La révolution chinoise de 1911 et la fin de la dynastie impériale des Qing

Au cours du XIXe siècle, l’Empire chinois dirigé par la dynastie Qing (清朝) d’origine Mandchoue[1] est en déliquescence. En proie à l’impérialisme des puissances européennes, face à leur supériorité militaire et technologique, les Qing n’ont d’autres choix que de s’incliner devant ces dernières. La faiblesse des Qing, la pénétration occidentale, les dissensions internes érodent profondément la légitimité de cette dynastie d’origine étrangère aux yeux de la population chinoise. Certes, de très modestes réformes ont été conduites par les Qing. Toutefois, les réformes d’ampleur à même de moderniser la Chine sont tuées dans l’œuf par les conservateurs[2], très influents, à la cour impériale.

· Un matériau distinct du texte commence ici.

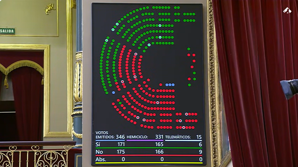 Con 346 votos emitidos, 171 votos a favor y 175 votos en contra, la Proposición de Ley de Conciliación y Corresponsabilidad Familia no ha superado su toma en consideración. Los votos a favor de PP y Vox no han sido suficientes para que la medida supere este primer trámite parlamentario.
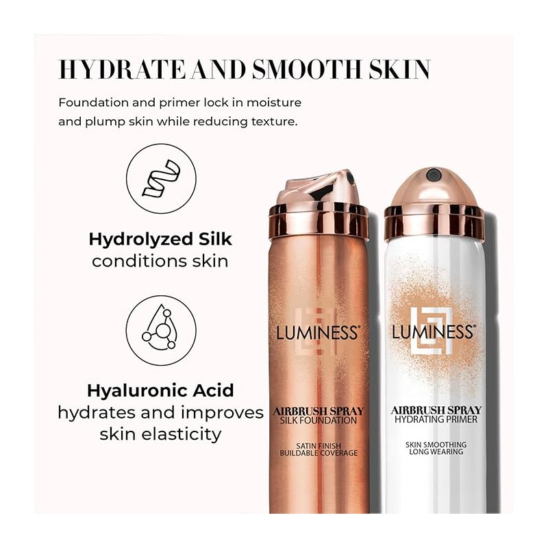 LUMINESS Silk Airbrush Spray Foundation 3-PC Kit - Foundation, Primer & Dual-Sided Makeup Brush - Buildable Coverage, Anti-Aging Formula, Humidity Resistant, Hydrates & Moisturizes, Light Medium
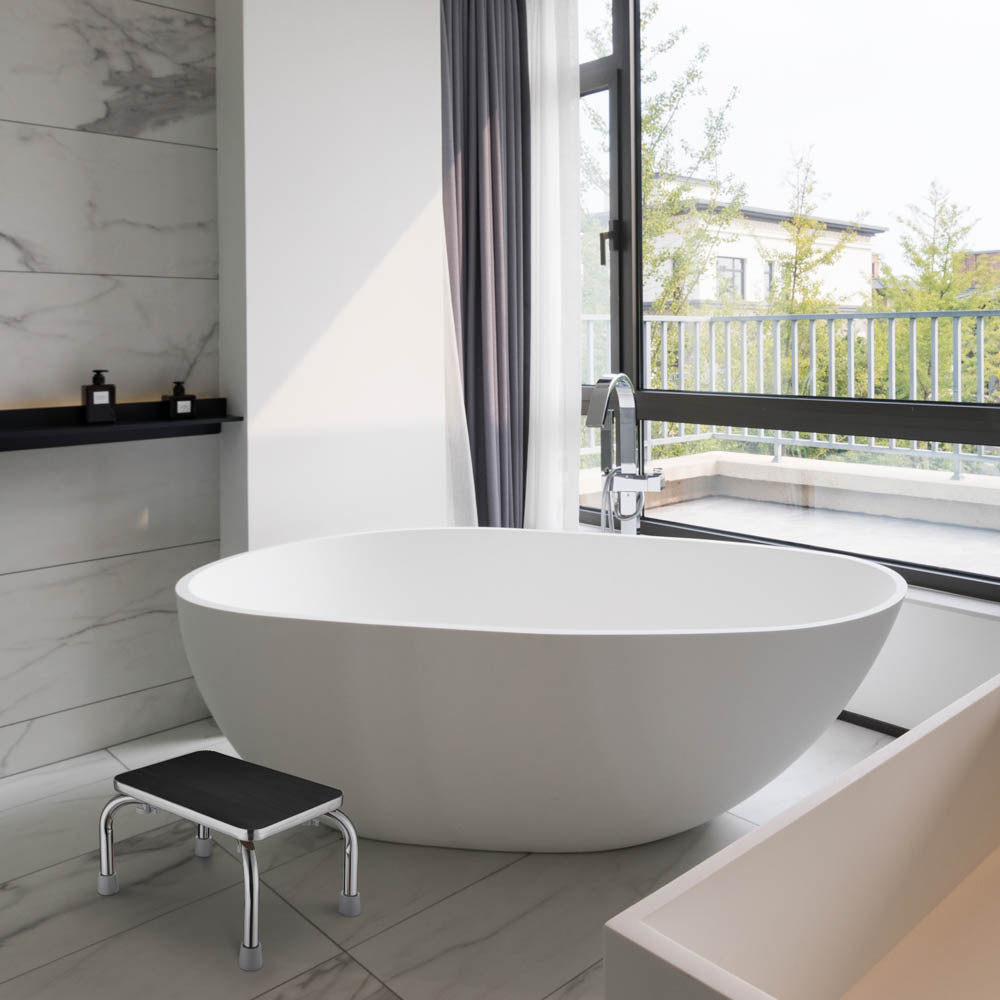 - Durable, chrome-plated steel frame can support up to 330 lbs.: heavier than the weight limit of average step stool
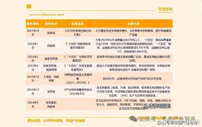 2023年10月,工业和信息化部、科技部、财政部、民航局联合印发《绿色航空制造业发展纲要(2023—2035年)》提出:到2025年,实现使用SAF的国产民用飞机示范应用。
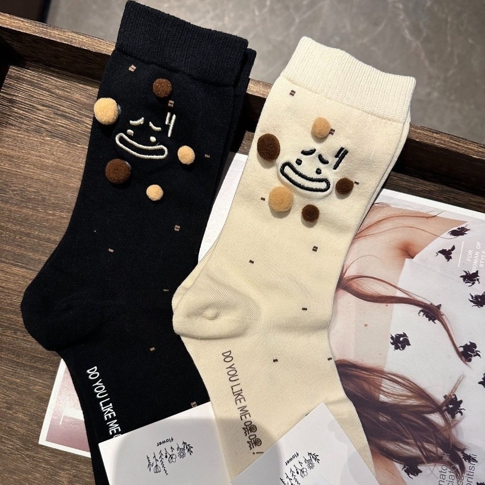 24新型秋冬靴下婦人個性ファッション靴下立体毛玉刺繍が変な模様をしています。
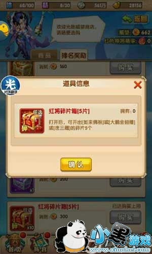 在竞技场打排名,按照积分生成一个排行版,根据排行榜上的排名可以领取奖励,竞技场第一一次能开出50个碎片,然后威望商店中也能用威望兑换一个红将碎片箱子,300威望一个箱子,里面有5个随机碎片。
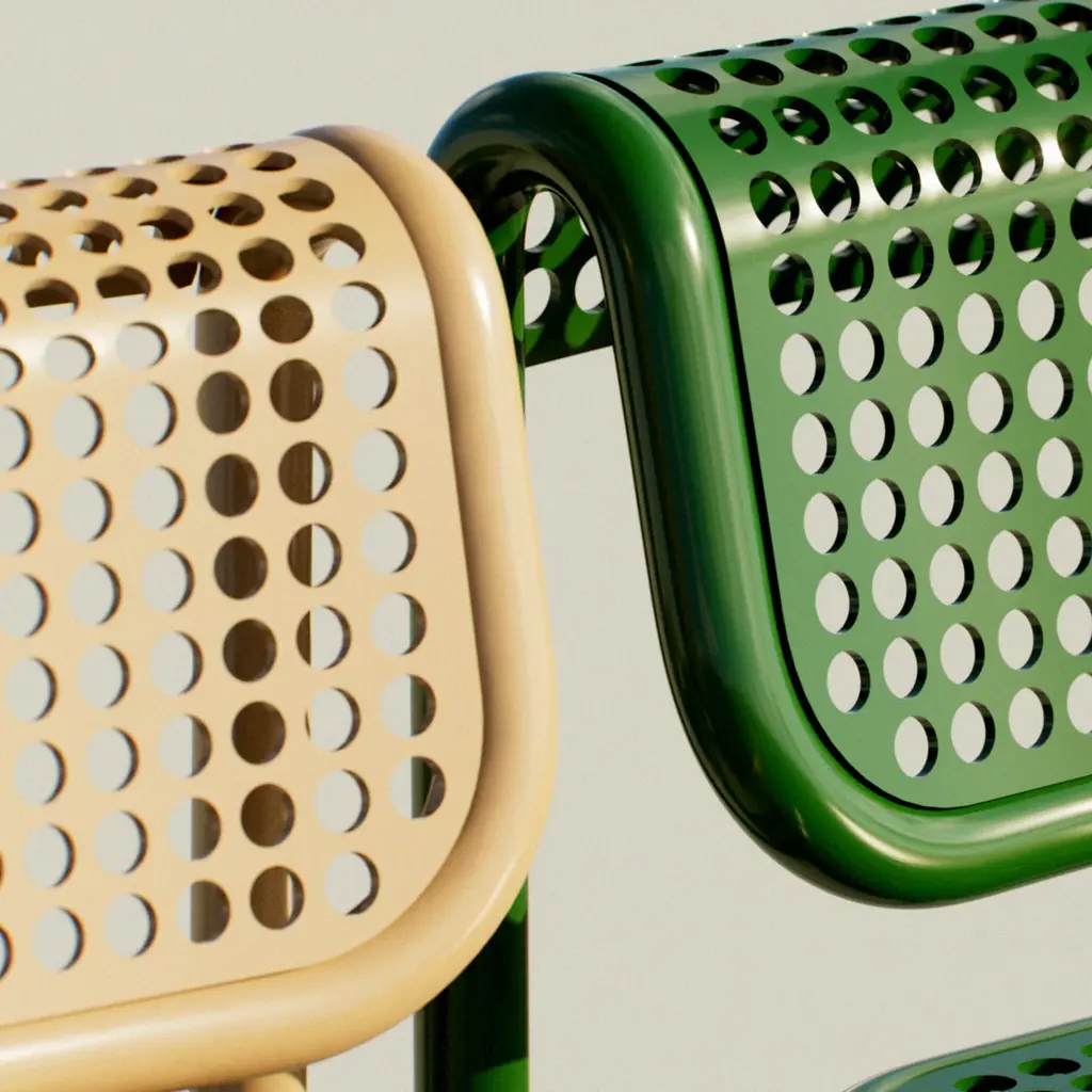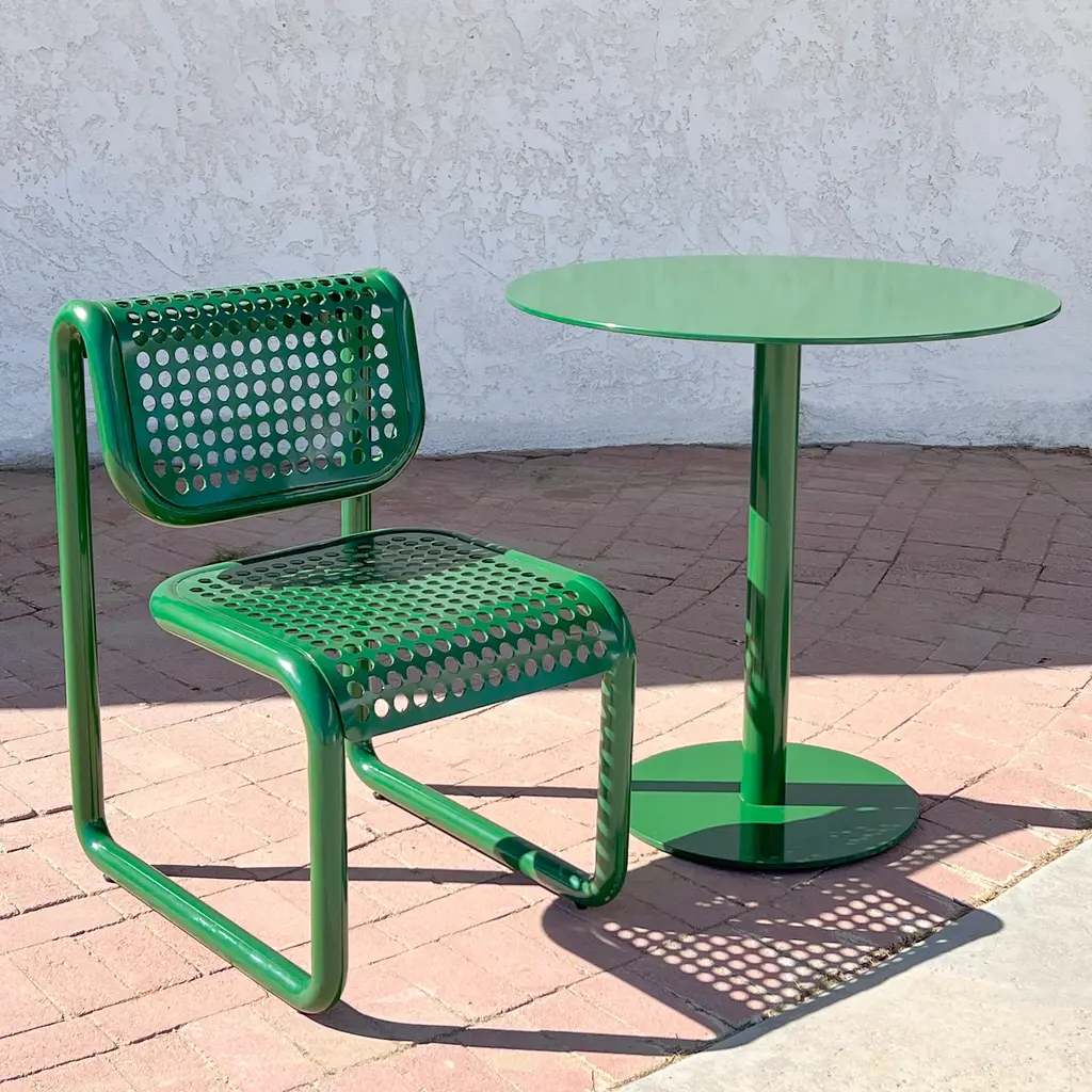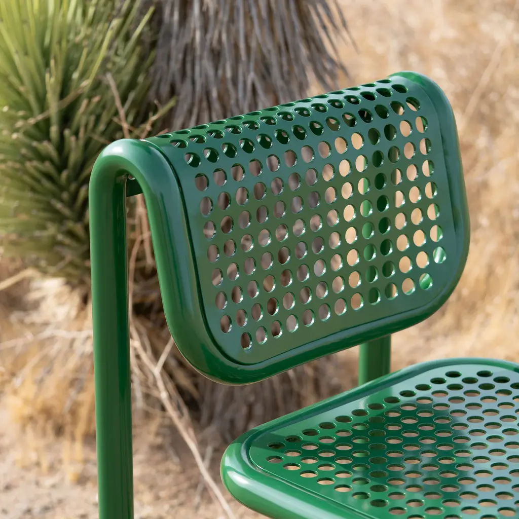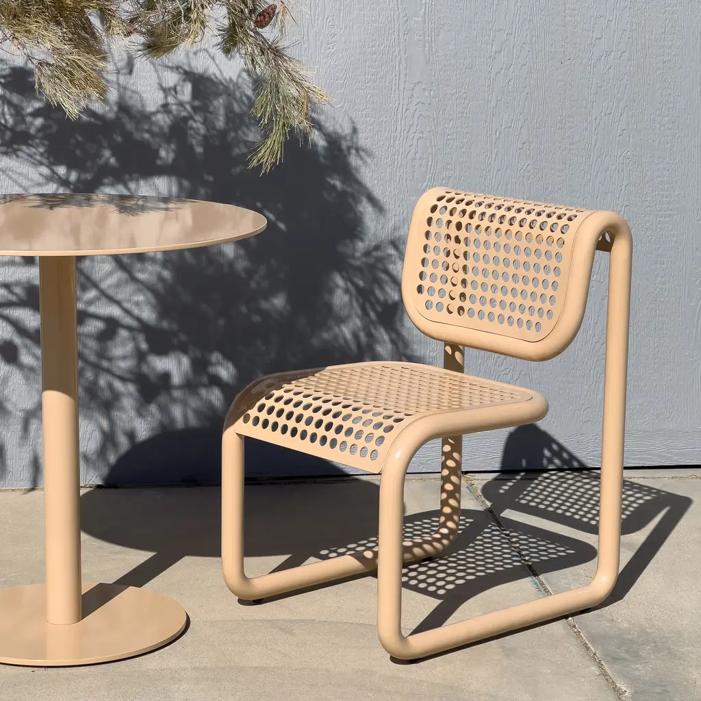 Enhance your outdoor space with Bend Goods's Tube Outdoor Dining Chair. Made from high-quality aluminum, its striking cantilever design and precision-perforated holes bring both durability and a sleek, modern aesthetic. With its lightweight frame and optional cushion, this chair provides both comfort and style for years to come. Highlights

En résumé, la Chine des Qing est incapable de se relever. Face à cette situation, des sociétés secrètes révolutionnaires se mettent en place. Dans un dessein nationaliste, elles cherchent à redonner le pouvoir aux Chinois eux-mêmes et à bâtir une Chine prospère et puissante. En 1911, la révolution de Xinhai (辛亥革命), qui embrase le pays, pousse définitivement les Qing à abdiquer. C’est la fin de 2 000 ans de pouvoir impérial en Chine, qui devient une république. Nous nous proposons ici de revenir brièvement sur cet événement marquant de l’histoire chinoise.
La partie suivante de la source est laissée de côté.